Transcribe the listing below exactly, leaving out each image.

Source records START

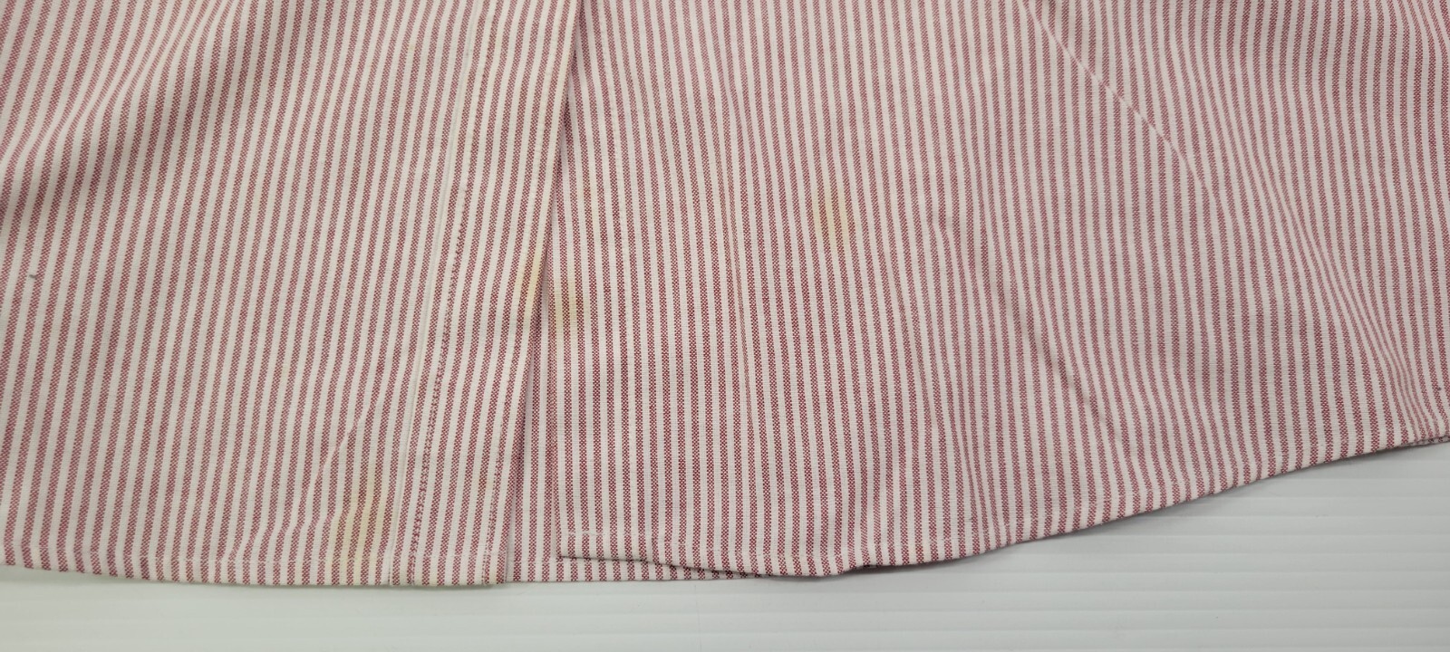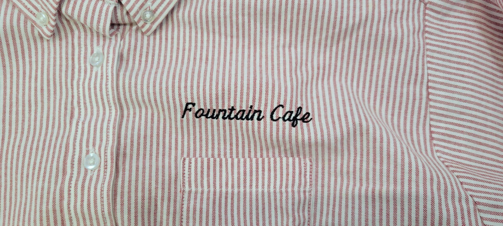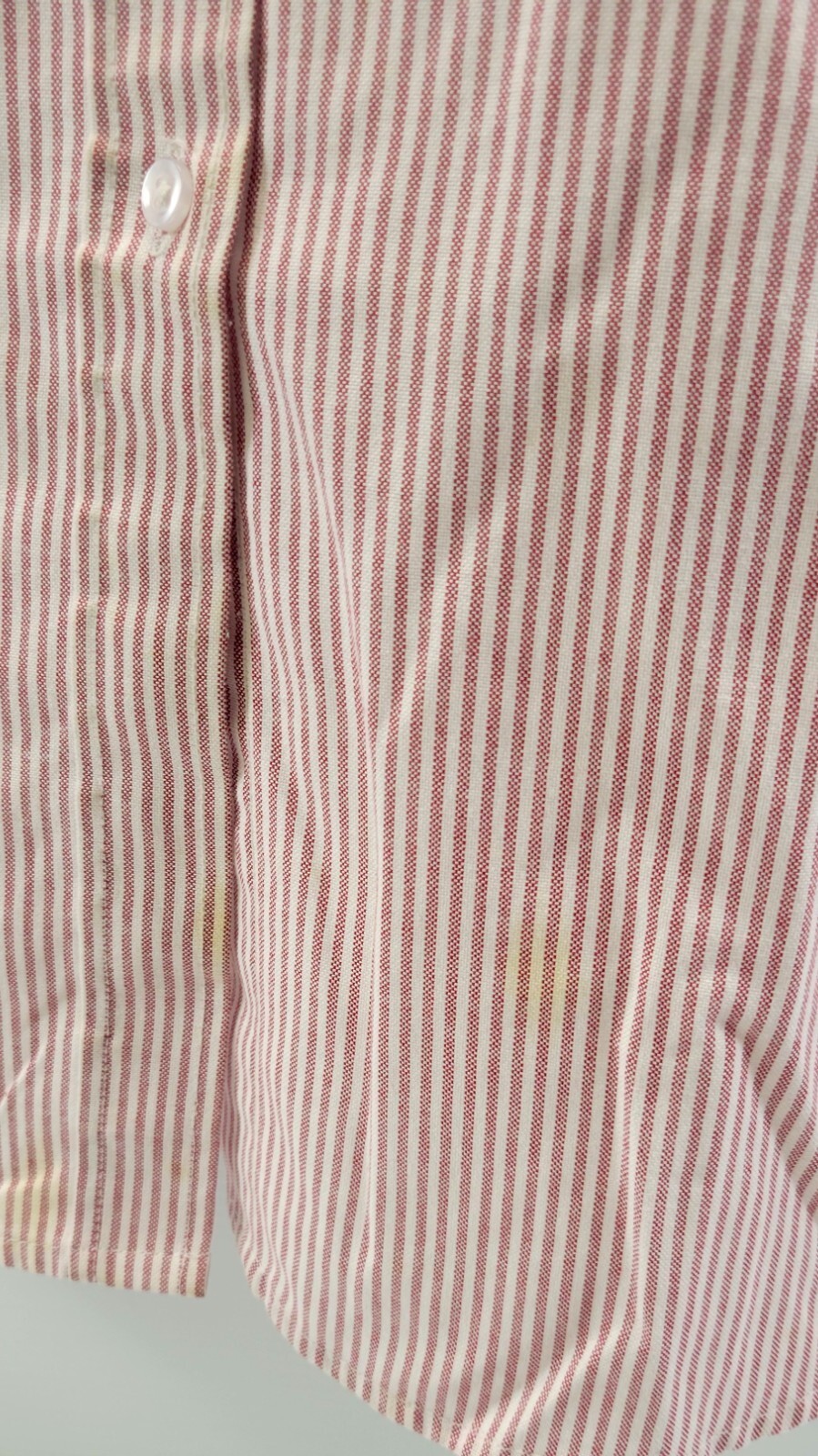 Shirt is a used food service uniform that has some food staining from use but difficult to depict in pictures due to striped design. Other than slight staining, shirt is in overall good condition with life left to it possibly even as a prop or vintage diner costume.
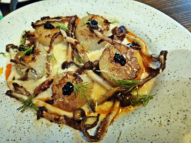 미소크림 관자구이. 관자와 버섯을 구운 후 크림에 일본 된장인 미소를 넣은 소스를 뿌려 나온다. 미소의 맛은 약하게 느껴지는데 이 미소가 크림의 느끼한 맛을 잘 잡아준다. 관자는 신선하다면 어떻게 먹어도 맛이 없을 수가 없는 식재료다. 관자를 너무 타지 않게 구웠다. 마이야르 반응이 일어나서 겉은 살짝 바삭하면서 속은 촉촉했다. 관자는 오래 구울 경우 질겨지는데 굽기가 적절해서 질기지 않았다.
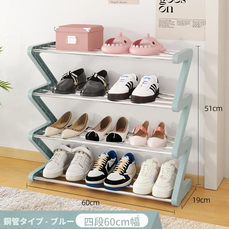 【スチールパイプ式】ブルー4段中サイズ-8足の靴が収納可能
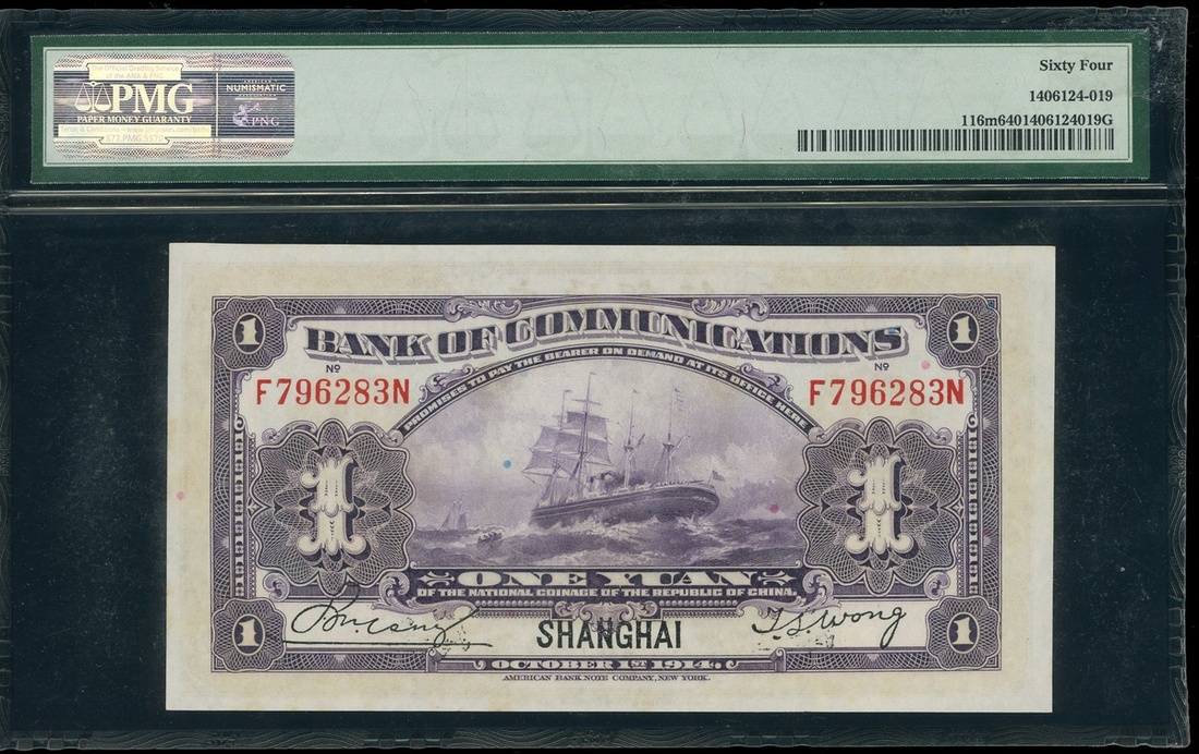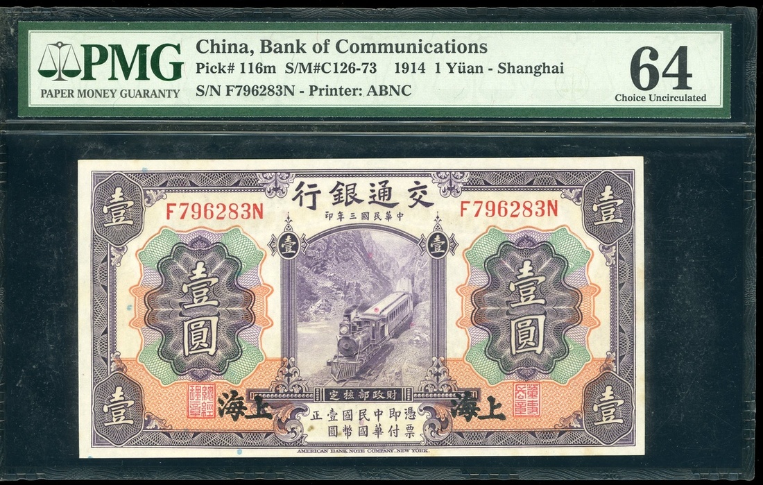 民國三年(1914)交通銀行壹圓,上海地名,編號F796283N,PMG 64
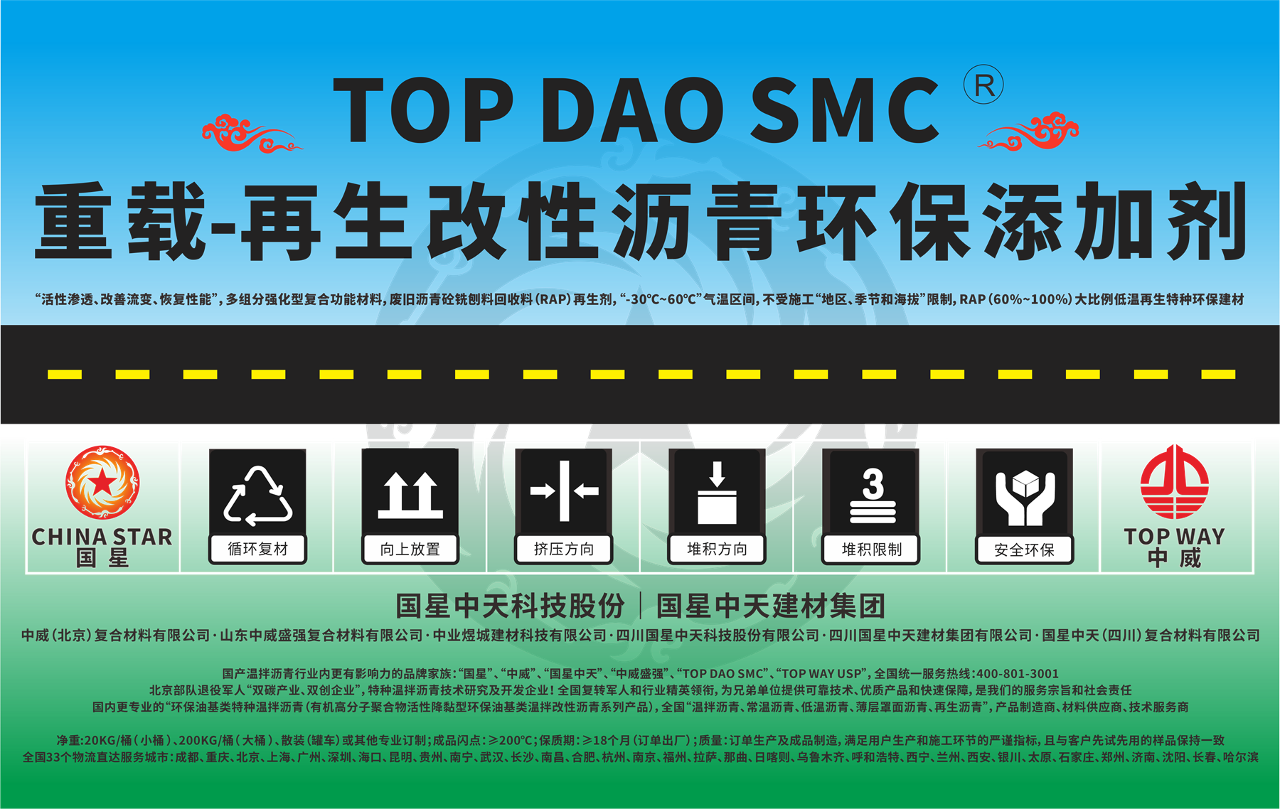 国星中天集团注册商标:“TOP DAO SMC” 、“TOP WAY USP”、“国星中天”。国星中天旗下“低温改性沥青”(特种温拌改性沥青)系列产品,全球重载型道路交通专用特种绿色路面建养材料。中国低温改性沥青、有机降黏型(油基类)特种温拌沥青行业,注册商标、知名品牌,拥抱“双碳政策”!服务“低碳交通”!打造中国“常温沥青、低温沥青、温拌沥青、超薄沥青、再生沥青”等“绿色低碳沥青”的基础研究、产品开发、生产制造、物流配送和技术服务龙头企业!

Source records END

Response box:
 Shirt is a used food service uniform that has some food staining from use but difficult to depict in pictures due to striped design. Other than slight staining, shirt is in overall good condition with life left to it possibly even as a prop or vintage diner costume.
 미소크림 관자구이. 관자와 버섯을 구운 후 크림에 일본 된장인 미소를 넣은 소스를 뿌려 나온다. 미소의 맛은 약하게 느껴지는데 이 미소가 크림의 느끼한 맛을 잘 잡아준다. 관자는 신선하다면 어떻게 먹어도 맛이 없을 수가 없는 식재료다. 관자를 너무 타지 않게 구웠다. 마이야르 반응이 일어나서 겉은 살짝 바삭하면서 속은 촉촉했다. 관자는 오래 구울 경우 질겨지는데 굽기가 적절해서 질기지 않았다.
 【スチールパイプ式】ブルー4段中サイズ-8足の靴が収納可能
 民國三年(1914)交通銀行壹圓,上海地名,編號F796283N,PMG 64
 国星中天集团注册商标:“TOP DAO SMC” 、“TOP WAY USP”、“国星中天”。国星中天旗下“低温改性沥青”(特种温拌改性沥青)系列产品,全球重载型道路交通专用特种绿色路面建养材料。中国低温改性沥青、有机降黏型(油基类)特种温拌沥青行业,注册商标、知名品牌,拥抱“双碳政策”!服务“低碳交通”!打造中国“常温沥青、低温沥青、温拌沥青、超薄沥青、再生沥青”等“绿色低碳沥青”的基础研究、产品开发、生产制造、物流配送和技术服务龙头企业!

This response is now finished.